Crash in SampledGrid::Lookup() method
(I was actually trying to reproduce this when I stumbled across #150)
When rendering with --gpu or --wavefront you can see the Medium's bounding Shape as an artifact.
Rendered with c65e25c
CPU - VolPath
pbrt wavefront_bug.pbrt --outfile cpu.png
This is what I would expect the render to look like.

GPU
pbrt wavefront_bug.pbrt --outfile cpu.png
You can see a box shape artifact.

CPU - Wavefront
pbrt --wavefront wavefront_bug.pbrt --outfile wavefront.png
Release Mode
There is a SegFault
(gdb)
#0 0x0000000000000000 in ?? ()
#1 0x0000555555ad0d8f in auto pbrt::SampledGrid<float>::Lookup<__nv_hdl_wrapper_t<false, true, __nv_dl_tag<float (pbrt::SampledGrid<float>::*)(pbrt::Point3<float> const&) const, &(pbrt::SampledGrid<float>::Lookup(pbrt::Point3<float> const&) const), 1u>, float (float)> >(pbrt::Point3<float> const&, __nv_hdl_wrapper_t<false, true, __nv_dl_tag<float (pbrt::SampledGrid<float>::*)(pbrt::Point3<float> const&) const, &(pbrt::SampledGrid<float>::Lookup(pbrt::Point3<float> const&) const), 1u>, float (float)>) const ()
#2 0x0000555555b048f8 in pbrt::SampledSpectrum pbrt::CuboidMedium<pbrt::UniformGridMediumProvider>::SampleT_maj<pbrt::WavefrontPathIntegrator::SampleMediumInteraction(int)::{lambda(pbrt::MediumSampleWorkItem)#1}::operator()(pbrt::MediumSampleWorkItem) const::{lambda(pbrt::MediumSample const&)#1}>(pbrt::Ray, float, float, pbrt::RNG&, pbrt::SampledWavelengths const&, pbrt::WavefrontPathIntegrator::SampleMediumInteraction(int)::{lambda(pbrt::MediumSampleWorkItem)#1}::operator()(pbrt::MediumSampleWorkItem) const::{lambda(pbrt::MediumSample const&)#1}) const ()
Debug Mode
Renders but with the artifact.
Sample Scene
The above example was using a UniformGrid Medium, but the same happens with the NanoVDB Medium as well.

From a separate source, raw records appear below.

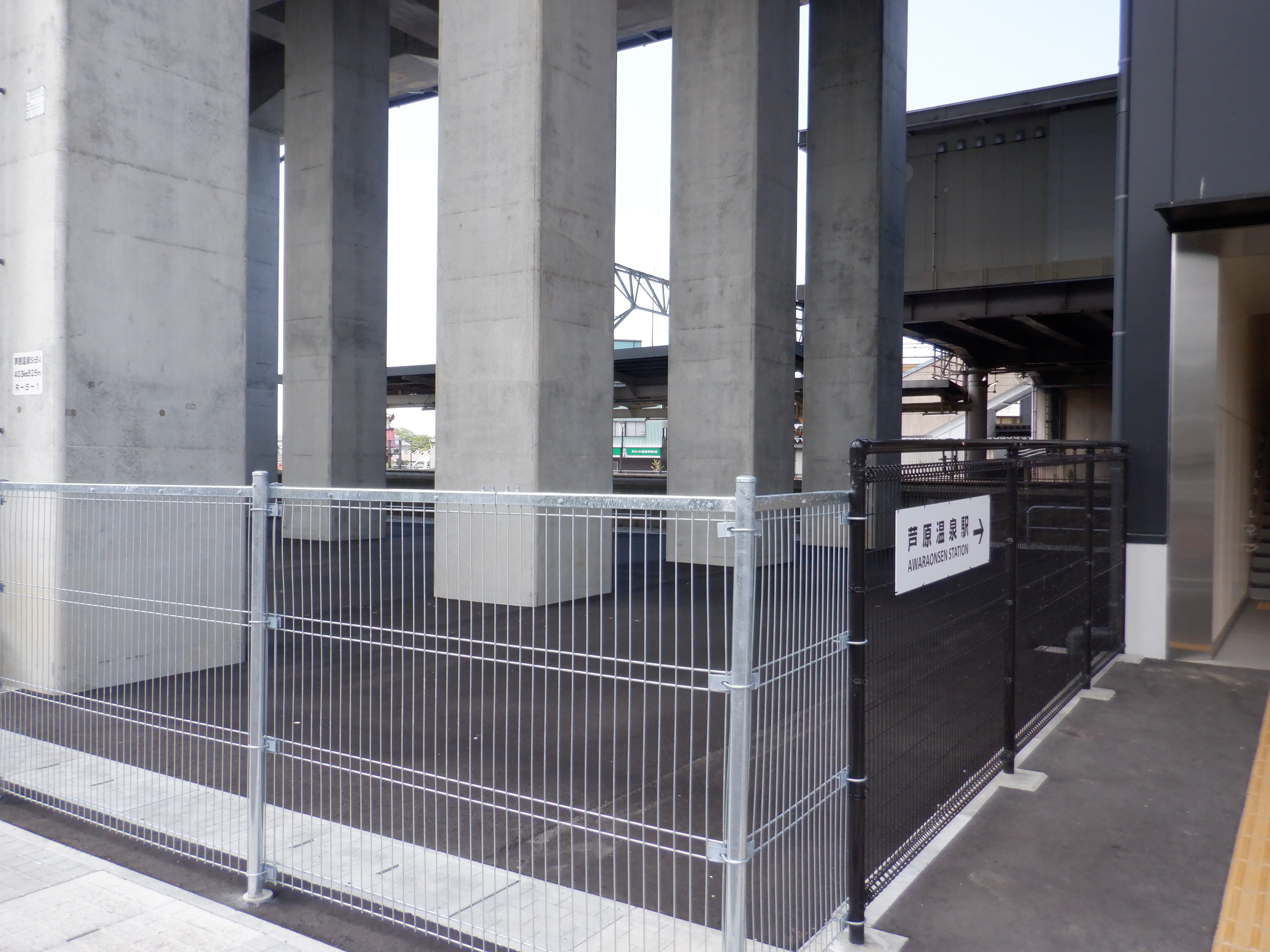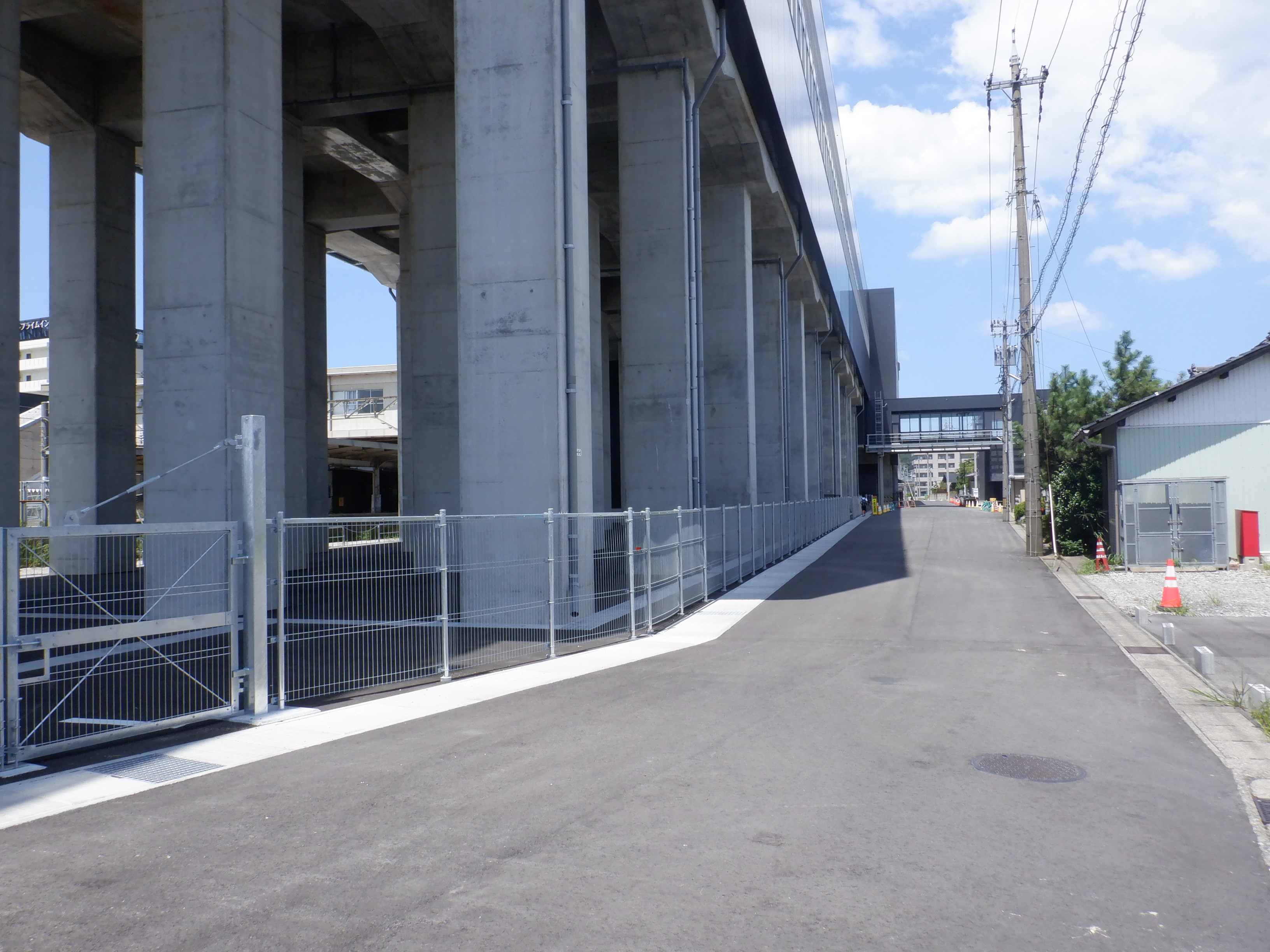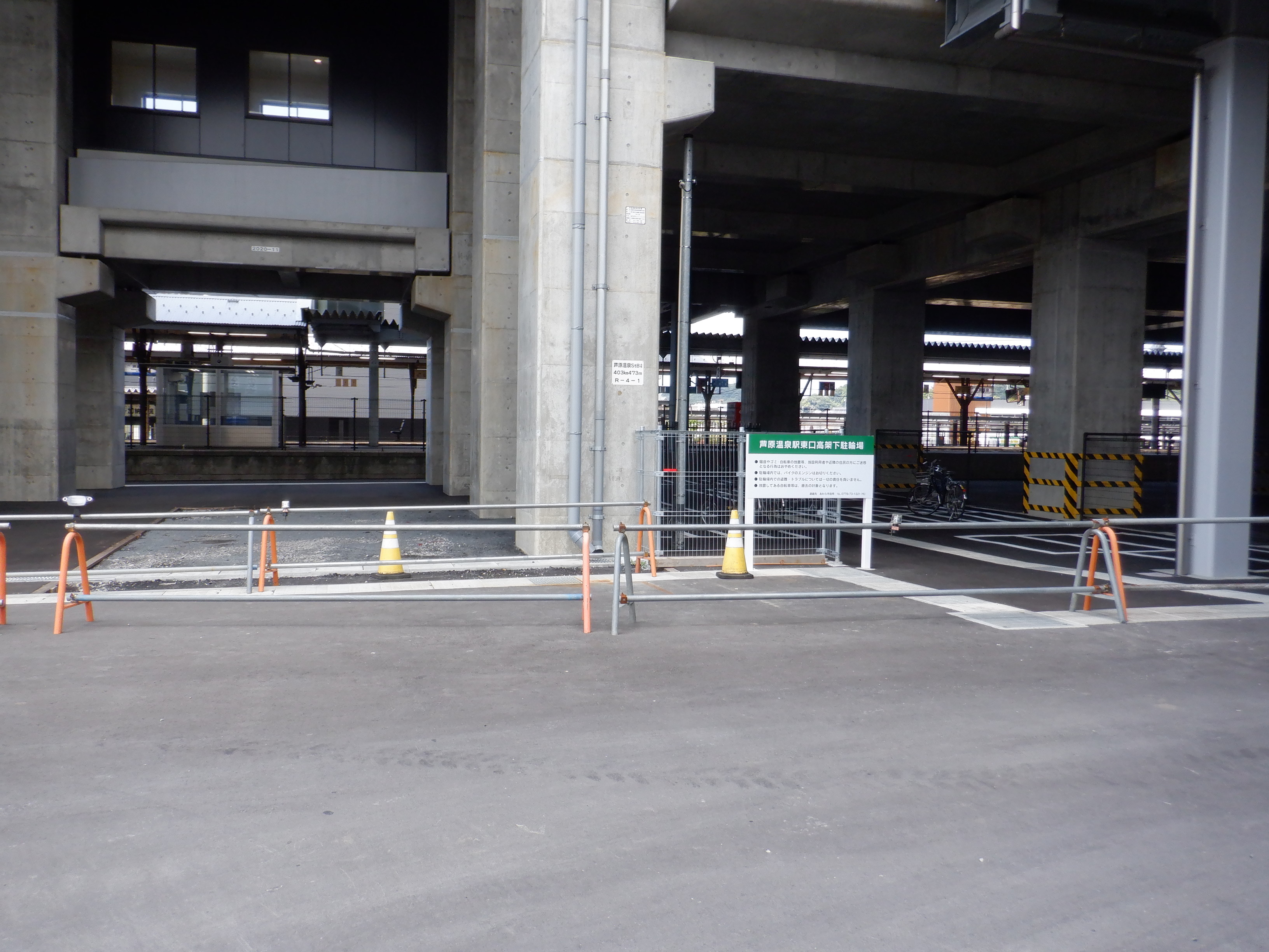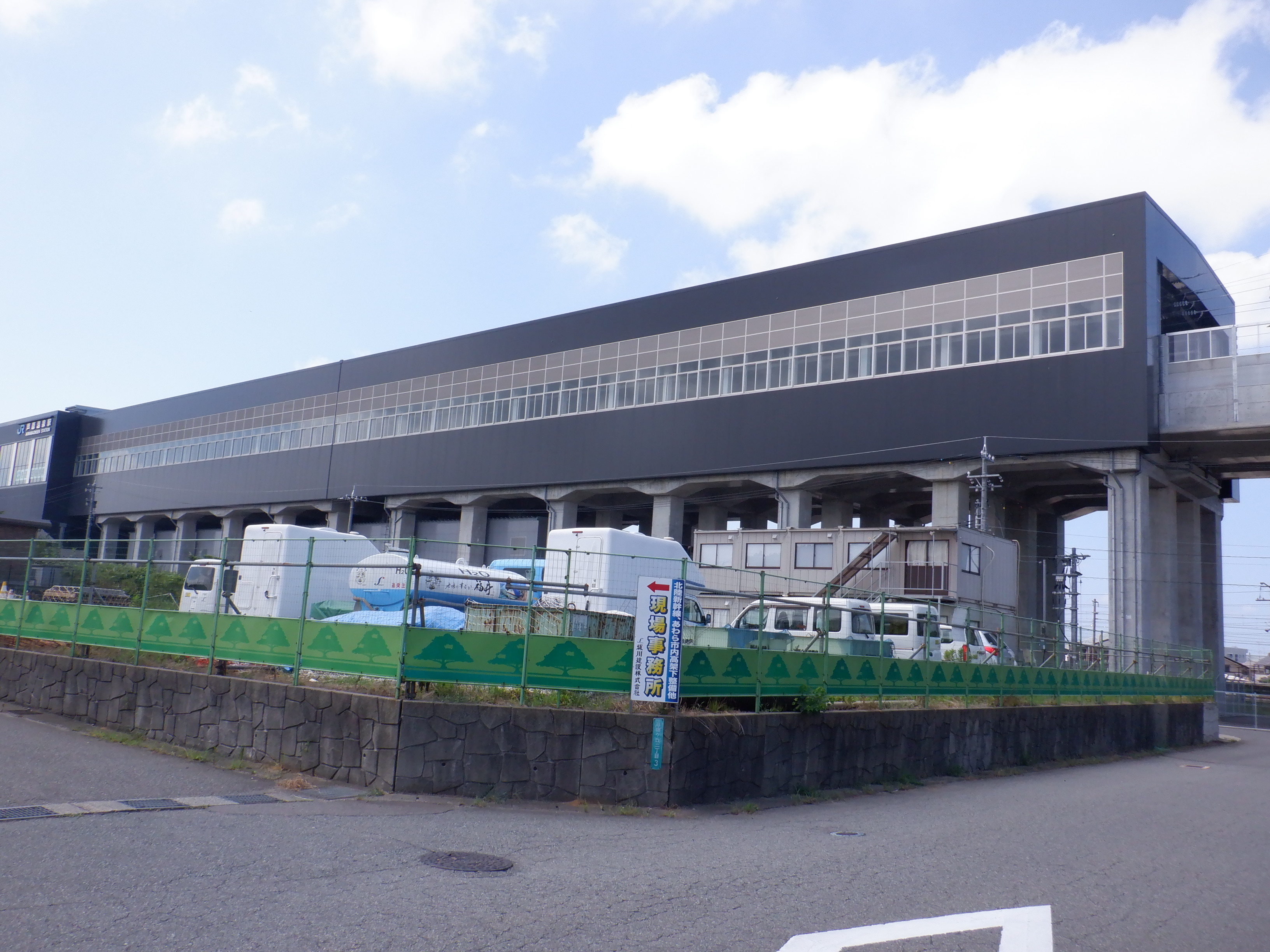 レンタカー屋さんができるところと高架下の駐輪場建設中のところ。
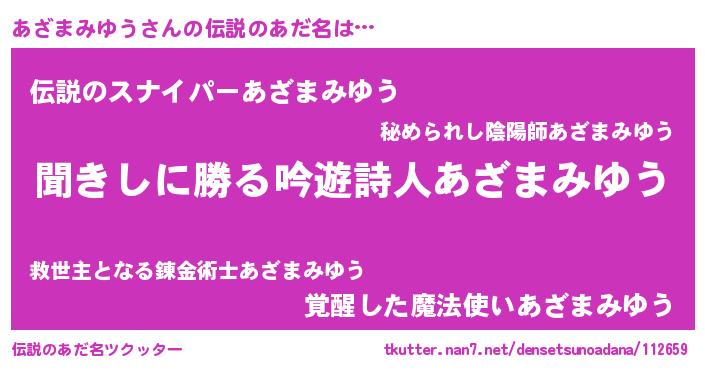 | 男性向けラノベタイトル風あだ名 | 『魔弾の王とあざまみゆう』 |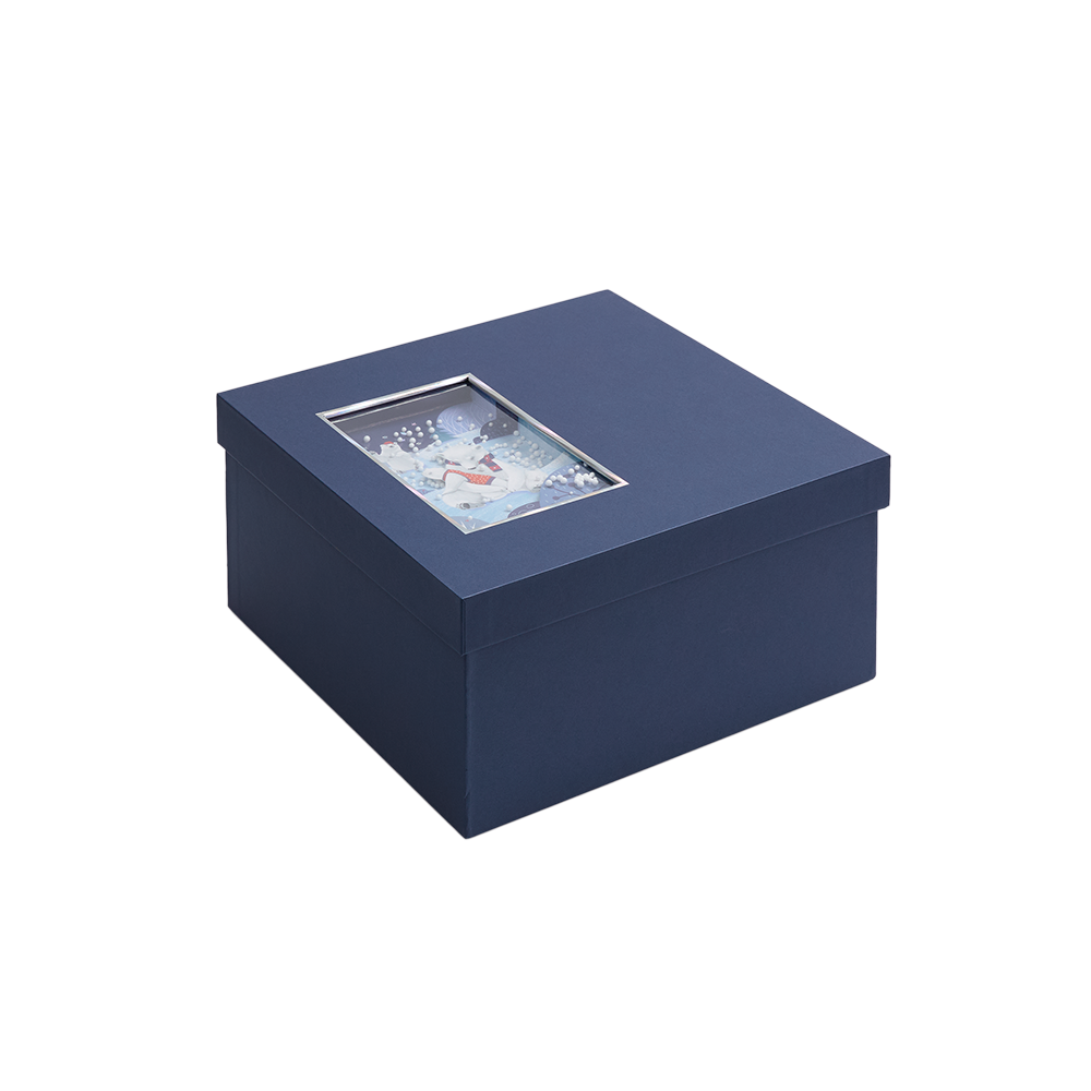 Элегантная коробка из переплетного картона The Blue Bear станет настоящим украшением зимних праздников. Ее главная изюминка — очаровательное окошко с 3D-иллюстрацией, которое словно приглашает в мир новогодних чудес.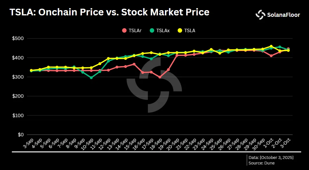 Các token $TSLAr (Remora) và $TSLAx (xStocks) luôn dẫn đầu, với nhiều cơ hội arbitrage xuất hiện do chênh lệch giá giữa token on-chain và giá cổ phiếu ngoài đời thực. Ví dụ: ngày 18/9, $TSLAr giao dịch ở mức trung bình 299 USD, trong khi cổ phiếu Tesla chốt phiên ở 416 USD – tạo ra khoảng chênh lệch hơn 37%. Tương tự, ngày 10/9, $TSLAx được giao dịch ở mức 295 USD so với giá 347 USD của Tesla, chênh lệch 29% trước khi tăng trở lại 382 USD.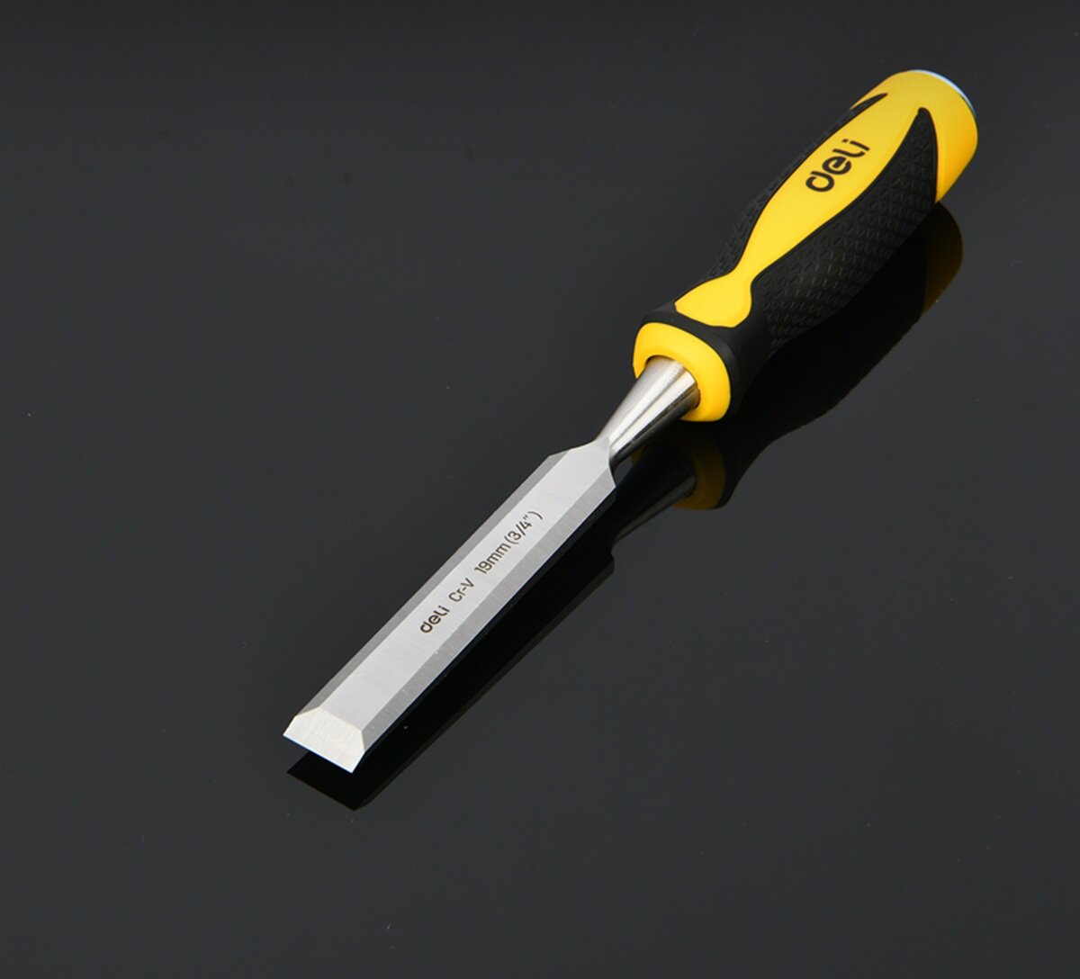 Стамеска плоская 19мм Deli DL6219-E1 (CrV сталь, рабочая длина 140мм, угол заточки 25 град, прорезиненная рукоять) информация:

In the GPU render you can see the back side of the box Shape containing the medium. (There camera is outside of the box.)
(Nice explosion!)
One piece of good news is that that visible box will go away if you increase the integrator's 'maxdepth'. This stems from the GPU/wavefront integrator measuring depth differently than the regular CPU integrators: it includes medium transition interfaces in its depth count, while the regular CPU path does not. This is fairly unfortunate, but is not easily fixed, especially at this point. We should probably increase the default maxdepth to make this issue pop up less often.
The crash is interesting... (And particularly surprising, for such a simple scene, very similar to many that have long rendered successfully.) Things learned:
- Doesn't reproduce on OSX
- Does reproduce on Linux, but only in release builds (as you note), and only when building with NVCC for GPU support
- Though the crash happens in code that runs on the CPU
- Valgrind reports nothing amiss
- Debugging printfs indicate that the density value is being read successfully from memory, which further indicates not a memory stomp.
- The crash seems to be in the lambda passed into the grid's
Lookup()method. But in this case, the lambda is just a pass-through function that returns the value passed to it. - If I take parameter values that make it crash and make the exact same call elsewhere (e.g. in the grid's constructor), it's fine
I hate to blame the compiler, but this smells like a compiler bug. I'm seeing it with CUDA 11.2.152. (Which version are you using?)
I have just pushed a workaround that adds grid Lookup() methods that don't take that conversion lambda, for cases where it isn't needed. That is obviously highly unsatisfying, but hopefully it keeps you moving forward. I'll continue to dig in.
Good to know about the max depth! When rendering on a GPU what's a few extra bounces going to matter. :D
For the crashing - CUDA: 11.2.1, (nvcc 11.2.142) gcc: (Ubuntu 9.3.0-17ubuntu1~20.04) 9.3.0
I'll give the CUDA Toolkit 11.4 a go later today,
Crashes with 11.4.48 as well. (Unless the issue is on the gcc side, where I could give clang a try.)
Interesting update:
- The example scene no longer crashes when rendering with
--wavefrontmode with 11ef9b3. - Just to verify that it wasn't due to an updated version of nvcc (11.4.100) I recompiled with c65e25c and the crash returned.
- A git bisect reports that 971a4bc, Stop using monotonic_buffer_resource for big allocs in WavefrontIntegrator constructor, resolved/avoided the compiler issue.
Yay?